● **What needs to be done**
Transcribe exactly the lines that fall between the one holding "Official Willian Pacho football" and the one holding "La tabla 9 también", inclusive, from the entries below.
▬▬▬▬▬▬▬▬▬▬
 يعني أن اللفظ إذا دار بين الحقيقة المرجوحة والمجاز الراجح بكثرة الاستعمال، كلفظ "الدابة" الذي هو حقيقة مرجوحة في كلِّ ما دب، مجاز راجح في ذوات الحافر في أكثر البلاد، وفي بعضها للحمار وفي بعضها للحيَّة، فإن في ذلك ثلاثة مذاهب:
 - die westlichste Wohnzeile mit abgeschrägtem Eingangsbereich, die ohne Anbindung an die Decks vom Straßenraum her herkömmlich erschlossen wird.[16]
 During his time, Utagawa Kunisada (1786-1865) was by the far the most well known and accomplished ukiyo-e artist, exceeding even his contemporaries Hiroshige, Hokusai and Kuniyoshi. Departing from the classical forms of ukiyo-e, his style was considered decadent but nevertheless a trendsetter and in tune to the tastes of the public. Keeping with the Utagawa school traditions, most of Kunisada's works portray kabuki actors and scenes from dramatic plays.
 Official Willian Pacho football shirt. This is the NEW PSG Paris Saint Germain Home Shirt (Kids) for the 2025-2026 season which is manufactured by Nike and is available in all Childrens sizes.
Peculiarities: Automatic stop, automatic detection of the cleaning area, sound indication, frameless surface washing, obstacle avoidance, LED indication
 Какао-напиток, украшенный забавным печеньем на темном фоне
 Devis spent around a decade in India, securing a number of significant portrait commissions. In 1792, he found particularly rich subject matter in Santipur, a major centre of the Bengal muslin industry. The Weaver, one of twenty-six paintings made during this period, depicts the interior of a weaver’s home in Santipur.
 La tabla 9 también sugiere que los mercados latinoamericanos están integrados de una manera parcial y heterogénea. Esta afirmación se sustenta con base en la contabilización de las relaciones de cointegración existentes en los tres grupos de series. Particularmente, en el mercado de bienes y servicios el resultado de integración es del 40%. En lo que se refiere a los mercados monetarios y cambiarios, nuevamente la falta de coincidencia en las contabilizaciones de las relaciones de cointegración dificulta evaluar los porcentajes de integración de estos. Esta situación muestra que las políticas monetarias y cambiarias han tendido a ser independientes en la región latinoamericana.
▬▬▬▬▬▬▬▬▬▬
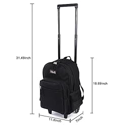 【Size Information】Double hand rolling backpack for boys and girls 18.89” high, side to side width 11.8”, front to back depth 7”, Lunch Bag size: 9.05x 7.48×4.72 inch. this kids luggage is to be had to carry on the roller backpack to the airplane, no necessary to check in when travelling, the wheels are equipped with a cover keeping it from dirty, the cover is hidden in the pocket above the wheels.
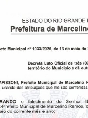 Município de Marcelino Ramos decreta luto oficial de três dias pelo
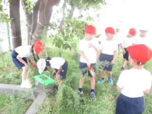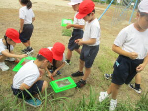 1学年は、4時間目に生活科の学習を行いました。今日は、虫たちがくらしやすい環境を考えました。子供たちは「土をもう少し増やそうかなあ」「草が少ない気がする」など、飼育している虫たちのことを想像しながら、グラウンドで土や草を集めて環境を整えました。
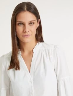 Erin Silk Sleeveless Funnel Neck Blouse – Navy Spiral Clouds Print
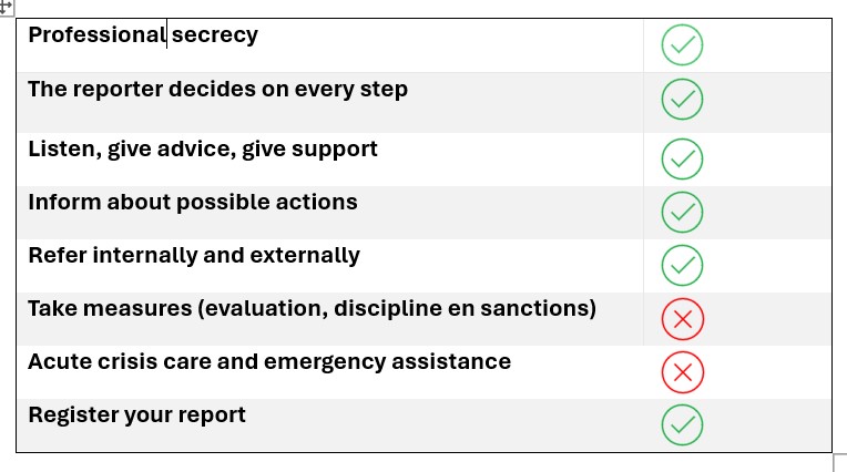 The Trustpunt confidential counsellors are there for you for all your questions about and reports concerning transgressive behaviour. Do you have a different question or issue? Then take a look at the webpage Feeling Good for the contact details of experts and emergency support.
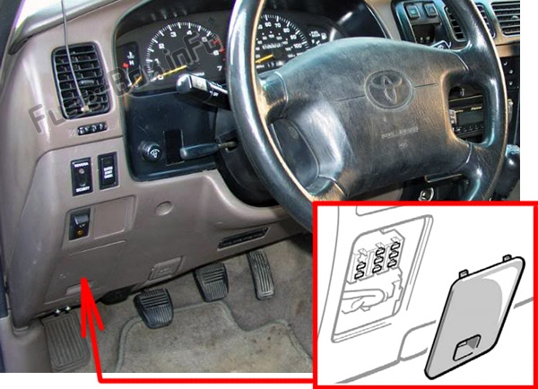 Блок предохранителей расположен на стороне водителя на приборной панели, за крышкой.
▬▬▬▬▬▬▬▬▬▬
● **Result of the task**
 Official Willian Pacho football shirt. This is the NEW PSG Paris Saint Germain Home Shirt (Kids) for the 2025-2026 season which is manufactured by Nike and is available in all Childrens sizes.
Peculiarities: Automatic stop, automatic detection of the cleaning area, sound indication, frameless surface washing, obstacle avoidance, LED indication
 Какао-напиток, украшенный забавным печеньем на темном фоне
 Devis spent around a decade in India, securing a number of significant portrait commissions. In 1792, he found particularly rich subject matter in Santipur, a major centre of the Bengal muslin industry. The Weaver, one of twenty-six paintings made during this period, depicts the interior of a weaver’s home in Santipur.
 La tabla 9 también sugiere que los mercados latinoamericanos están integrados de una manera parcial y heterogénea. Esta afirmación se sustenta con base en la contabilización de las relaciones de cointegración existentes en los tres grupos de series. Particularmente, en el mercado de bienes y servicios el resultado de integración es del 40%. En lo que se refiere a los mercados monetarios y cambiarios, nuevamente la falta de coincidencia en las contabilizaciones de las relaciones de cointegración dificulta evaluar los porcentajes de integración de estos. Esta situación muestra que las políticas monetarias y cambiarias han tendido a ser independientes en la región latinoamericana.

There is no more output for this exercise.